Kamis 28 May 2015 05:28 WIB

Tenggelamkan Kapal Nelayan, TNI AL Diejek Negara Tetangga

TNI AL menenggelamkan sejumlah kapal asing di perairan Kepri, Rabu (20/5).
Foto: Puspen TNI
TNI AL menenggelamkan sejumlah kapal asing di perairan Kepri, Rabu (20/5).

REPUBLIKA.CO.ID, JAKARTA -- Kebijakan Menteri Perikanan dan Kelautan Susi Pudjiastuti yang menggandeng Mabes TNI AL untuk penenggelaman kapal nelayan asing dinilai kurang tepat. Pasalnya, TNI AL berfungsi sebagai penjaga kedaulatan dan pertahanan NKRI. Sebagai unsur kombatan, TNI AL tidak selayaknya menjadi eksekutor dalam penenggelaman kapal ikan.

"Kami diejek AL negara tetangga, beraninya sama kapal nelayan. Ini menurunkan kredibilitas AL sendiri," kata Kepala Staf Komando Armada Indonesia Kawasan Barat (Koarmabar) Laksamana Pertama Amarulla Octavian dalam diskusi tentang maritim Indonesia yang dihelat Institut Keamanan dan Keselamatan Maritim Indonesia (IK2MI) di Jakarta, Rabu (27/5). Hadir sebagai pemateri lainnya adalah Ketua IK2MI (Purn) Laksamana Madya Didik Heru Purnomo dan Koordinator Front Nelayan Bersatu, Bambang Wicaksana.

Octavian mengakui, bukan menjadi tugas bagi TNI AL dalam penenggelaman kapal nelayan. Kalau pun pemerintah mau menenggelamkan kapal asing yang mencuri ikan di Indonesia, ia menyarankan agar hal itu dilakukan Kementerian KKP atau Badan Keamanan Laut (Bakamla), yang bertugas menegakkan hukum di laut.

Karena mendapat perintah dari presiden sebagai pemimpin tertinggi, ungkap dia, TNI AL siap melaksanakan perintah untuk terlibat penenggelaman kapal. "Kami setuju untuk melepaskan fungsi penegakam hukum di laut. Kami bisa serahkan ke Bakamla, kalau sudah berfungsi sebagai coast guard. AL tak perlu menangkap dan menenggelamkan kapal kategori perikanan," kata alumnus Akademi Angkatan Laut 1988 tersebut.

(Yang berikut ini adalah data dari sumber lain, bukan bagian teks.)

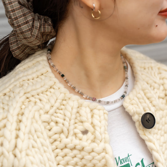 Melanie DeCourcey Labradorite , moon stone, rose quartz cube and agate cubes necklace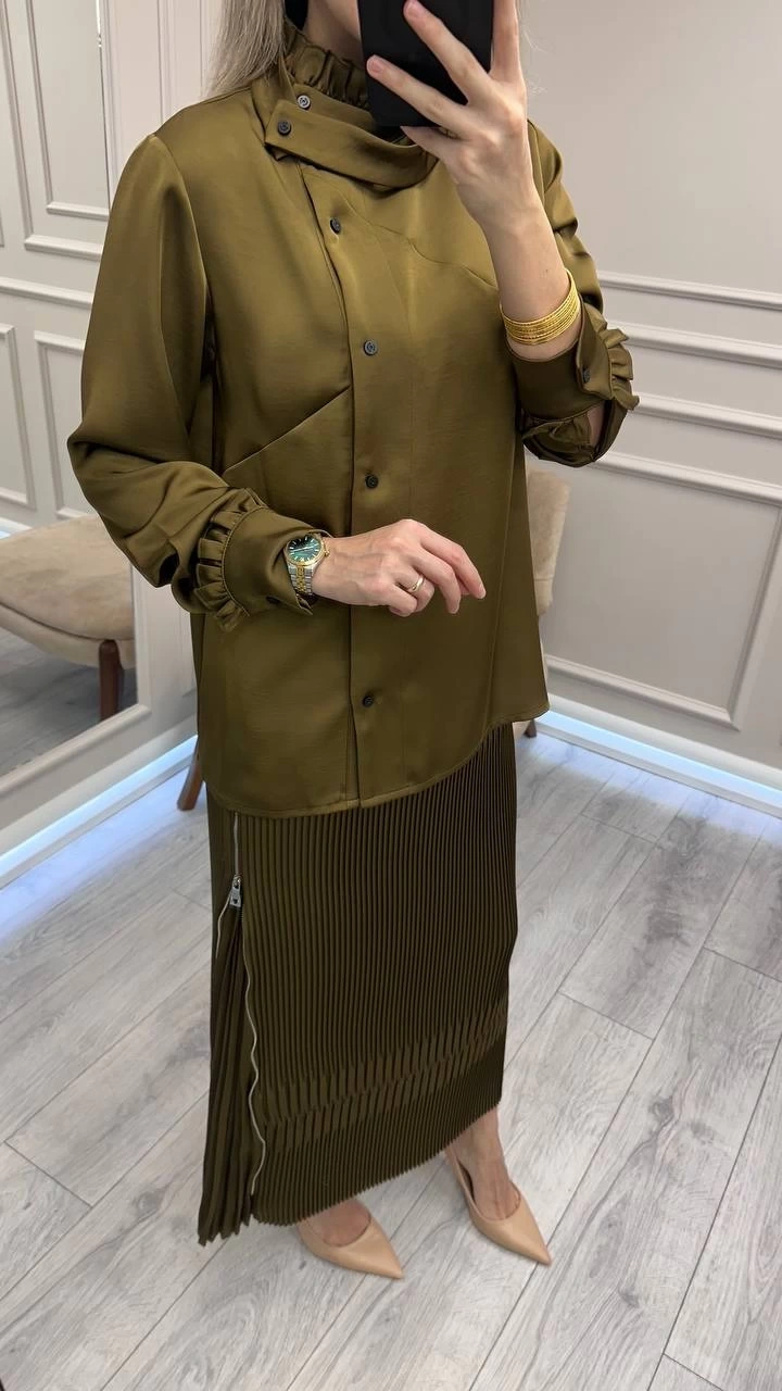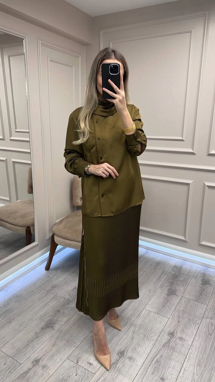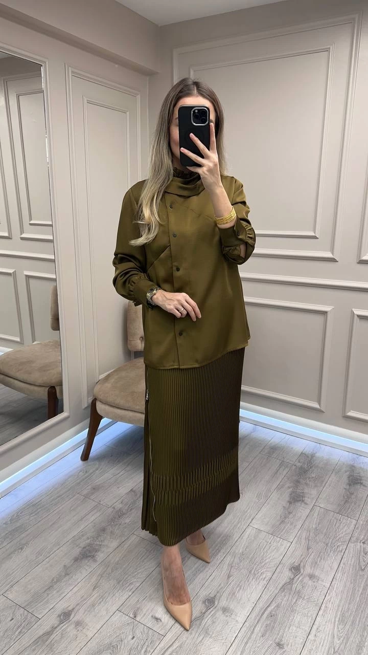 Misswhence 38015 Yeşil Saten Etekli Takım

Selain itu, Octavian juga menyinggung tentang permasalahan Laut Cina Selatan yang diklaim pemerintah Cina. Padahal, langkah Cina itu bisa membuat sebagian Laut Natuna yang masuk Republik Indonesia menjadi bagian wilayah Cina. Dia pun mempertanyakan argumen pemerintah Cina yang mengklaim Laut Cina Selatan berdasarkan pelayaran armada Cheng Ho.

"Soal dinamika Laut Cina Selatan. Cina kalim laut dari jalur pelayaran Cheng Hoo. Mengapa tidak sekalian diklaim saja laut Afrika dan Laut Jawa? Kan Cheng Ho juga pernah ke Semarang?" ujarnya.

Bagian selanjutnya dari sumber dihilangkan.